OpenELM, short for Open-source Efficient Language Models, is targeted at on-device applications, similar to rivals Google, Samsung, and Microsoft. The models were pre-trained on public datasets of 1.8 trillion tokens from sources like Reddit, Wikipedia, and arXiv.org. Despite not being bleeding-edge in performance, the models perform fairly well, especially the 450 million parameters instruct variant. The models are expected to improve in the long term and it will be interesting to see how they are utilized across different applications.
Key takeaways:
- Apple has released OpenELM, a new family of open-source large language models (LLMs) that can run entirely on a single device, on AI code community Hugging Face.
- There are eight OpenELM models in total – four pre-trained and four instruction-tuned – covering different parameter sizes between 270 million and 3 billion parameters.

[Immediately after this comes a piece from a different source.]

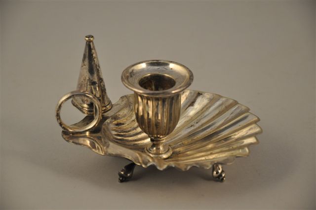 BOUGEOIR à MAIN en métal argenté, prise circulaire où s'encastre un éteignoir conique, le binet en forme de vase cannelé fixé dans une coquille, quatre pieds coquillage. Haut. 8,5, Larg. 12 cm (chocs à l'éteignoir).

- Apple is offering the weights of its OpenELM models under a “sample code license,” along with different checkpoints from training, stats on how the models perform as well as instructions for pre-training, evaluation, instruction tuning and parameter-efficient fine-tuning.
- In terms of performance, the OpenLLM results shared by Apple show that the models perform fairly well, especially the 450 million parameters instruct variant. The 1.1 billion OpenELM variant “outperforms OLMo, which has 1.2 billion parameters, by 2.36% while requiring 2× fewer pre-training tokens.”